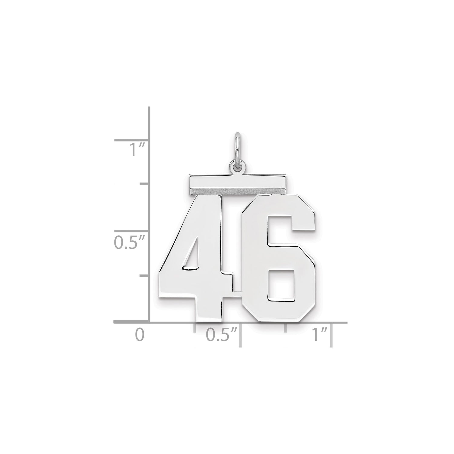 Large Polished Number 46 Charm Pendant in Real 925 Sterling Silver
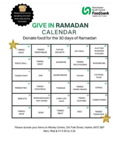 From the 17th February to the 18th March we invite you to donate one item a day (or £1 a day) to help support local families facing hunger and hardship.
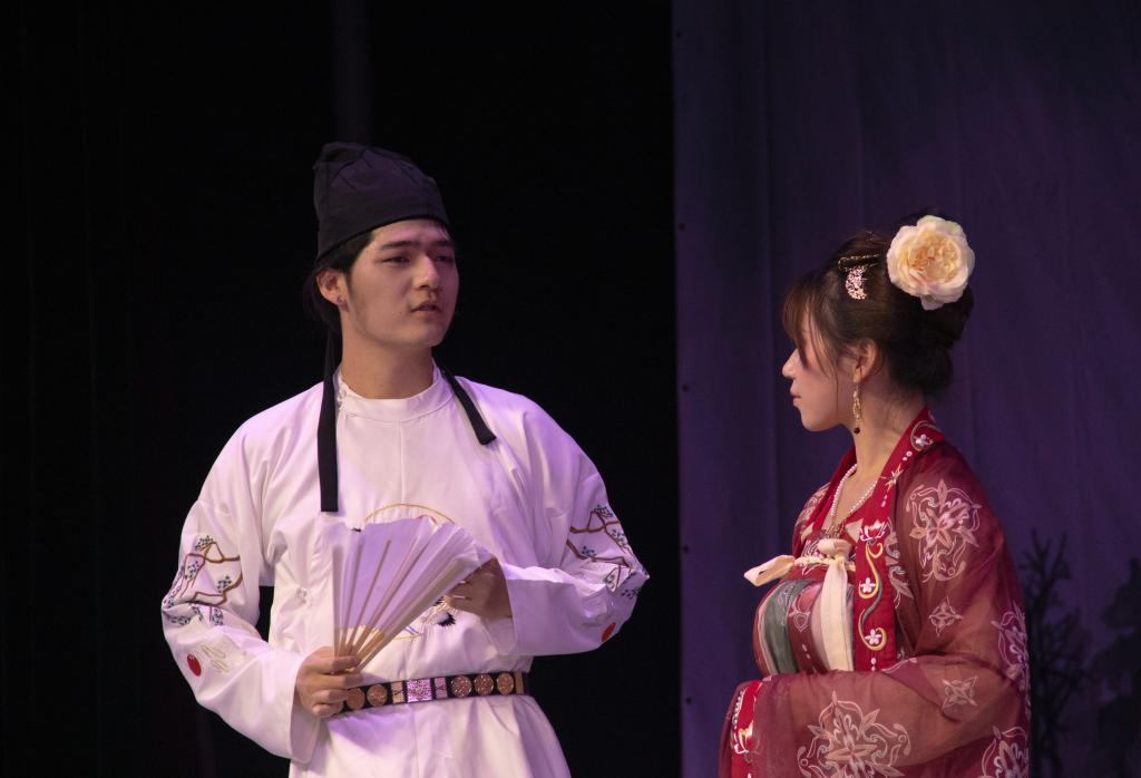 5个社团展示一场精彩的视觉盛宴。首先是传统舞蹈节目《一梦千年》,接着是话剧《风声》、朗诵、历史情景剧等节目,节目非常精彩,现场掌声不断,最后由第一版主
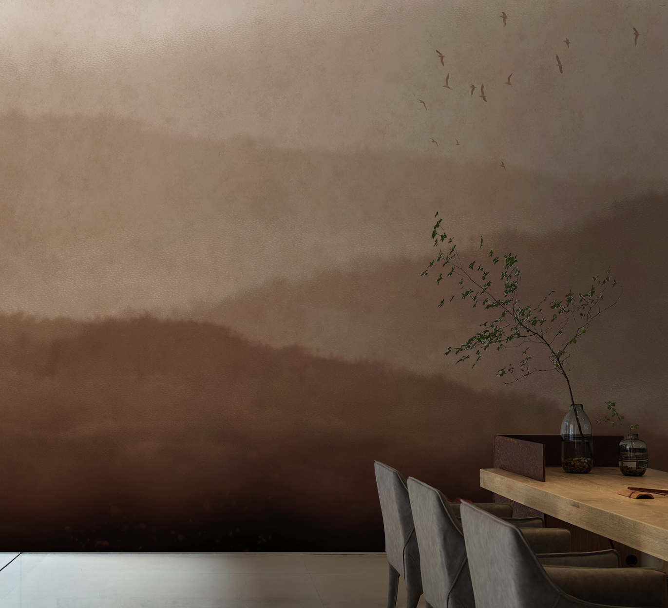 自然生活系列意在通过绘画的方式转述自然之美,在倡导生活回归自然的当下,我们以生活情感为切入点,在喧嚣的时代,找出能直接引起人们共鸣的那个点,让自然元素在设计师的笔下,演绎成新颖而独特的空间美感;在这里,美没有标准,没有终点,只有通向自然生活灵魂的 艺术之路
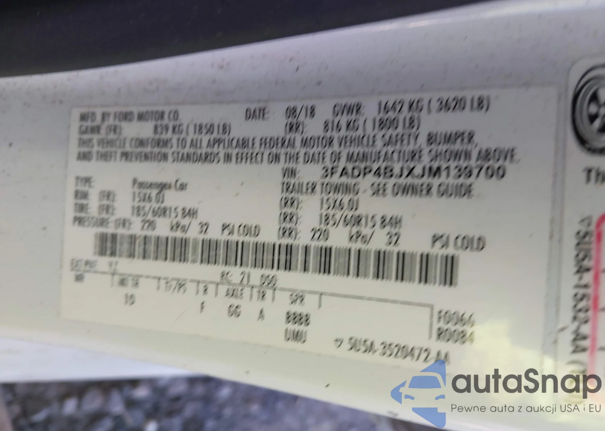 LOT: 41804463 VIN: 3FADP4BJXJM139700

■ ■ ■ ■

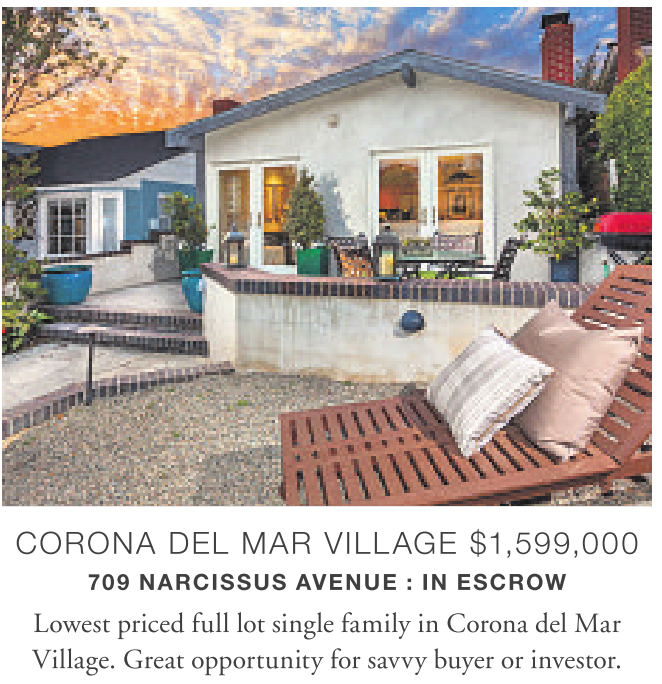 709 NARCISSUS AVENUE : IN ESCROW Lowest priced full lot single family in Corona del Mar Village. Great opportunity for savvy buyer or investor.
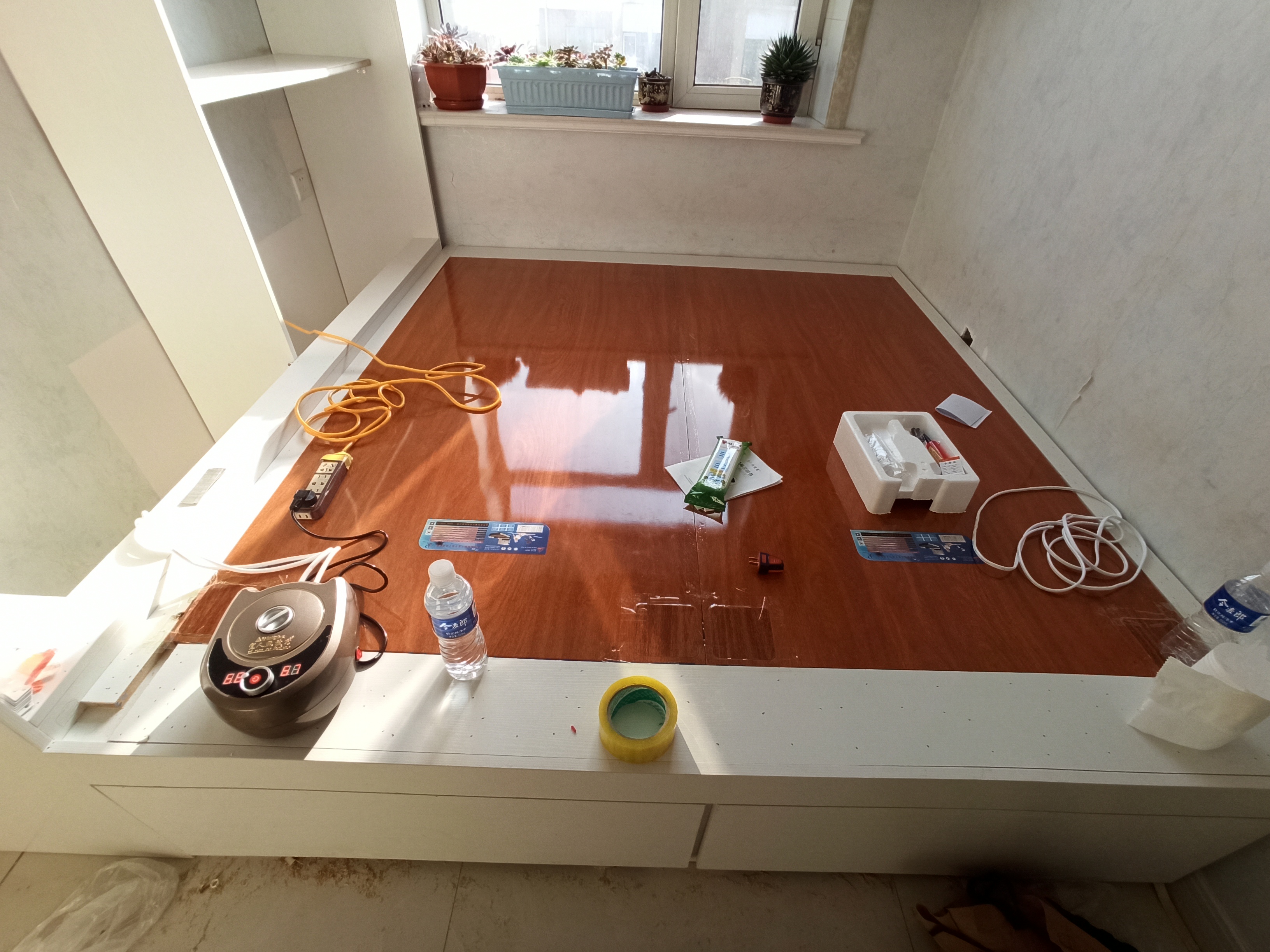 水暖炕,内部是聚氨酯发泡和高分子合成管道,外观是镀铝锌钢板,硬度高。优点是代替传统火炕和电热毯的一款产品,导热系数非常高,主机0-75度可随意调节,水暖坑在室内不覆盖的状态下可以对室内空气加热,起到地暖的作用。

■ ■ ■ ■

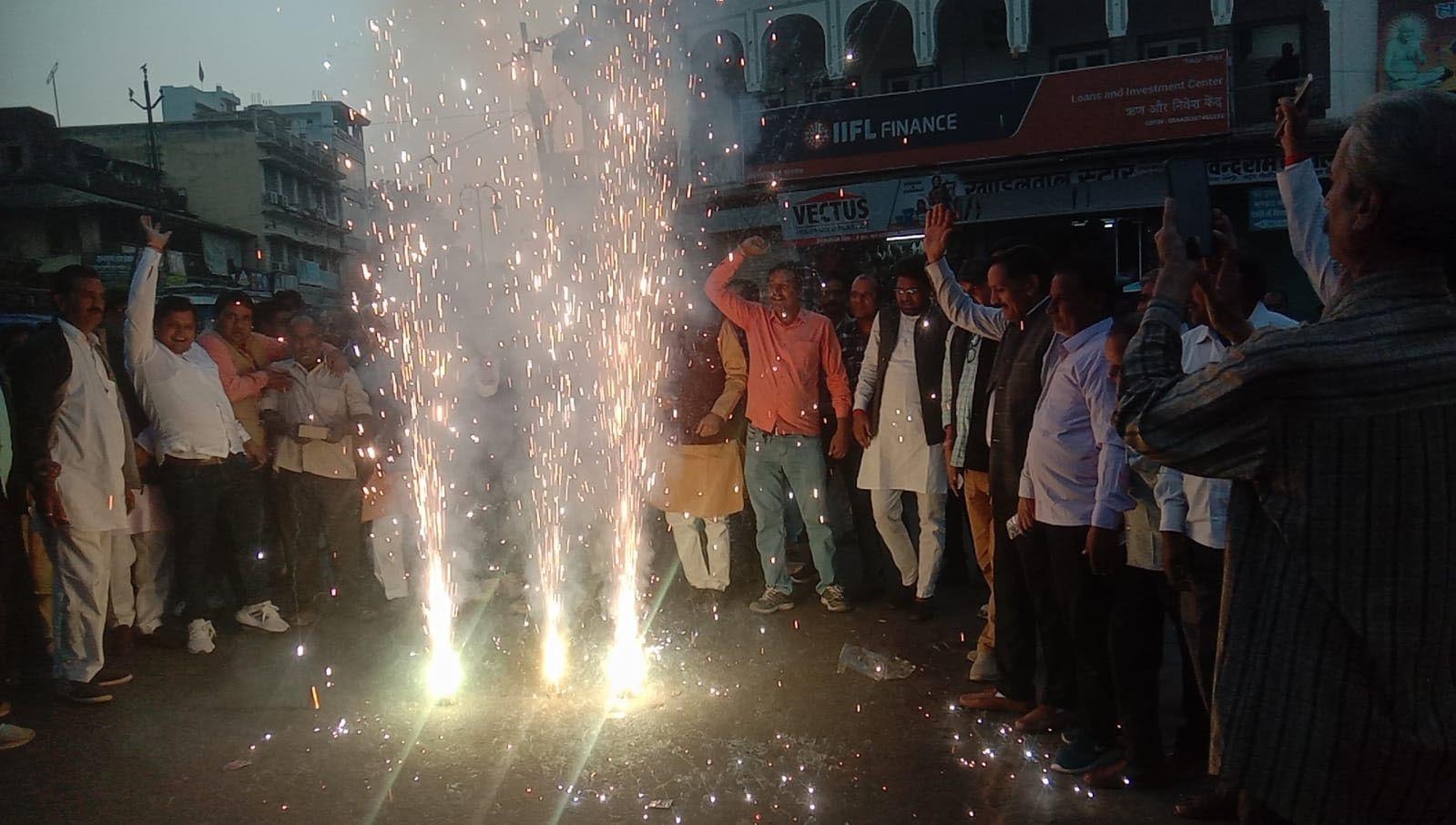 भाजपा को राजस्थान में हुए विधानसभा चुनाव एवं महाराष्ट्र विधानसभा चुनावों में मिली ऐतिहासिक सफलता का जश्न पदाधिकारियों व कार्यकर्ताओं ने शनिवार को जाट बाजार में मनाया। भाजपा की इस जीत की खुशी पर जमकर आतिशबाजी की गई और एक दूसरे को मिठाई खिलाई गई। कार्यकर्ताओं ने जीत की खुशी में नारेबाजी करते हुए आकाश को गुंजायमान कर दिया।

■ ■ ■ ■

**ABOUT THIS TASK**
For this exercise, please set down exactly the lines of the listing above from the line with "自然生活系列意在通过绘画的方" up to and including the line with "LOT: 41804463 VIN: 3FADP4BJXJM139700", and no pictures.

**ANSWER TO THIS TASK**
 自然生活系列意在通过绘画的方式转述自然之美,在倡导生活回归自然的当下,我们以生活情感为切入点,在喧嚣的时代,找出能直接引起人们共鸣的那个点,让自然元素在设计师的笔下,演绎成新颖而独特的空间美感;在这里,美没有标准,没有终点,只有通向自然生活灵魂的 艺术之路
 LOT: 41804463 VIN: 3FADP4BJXJM139700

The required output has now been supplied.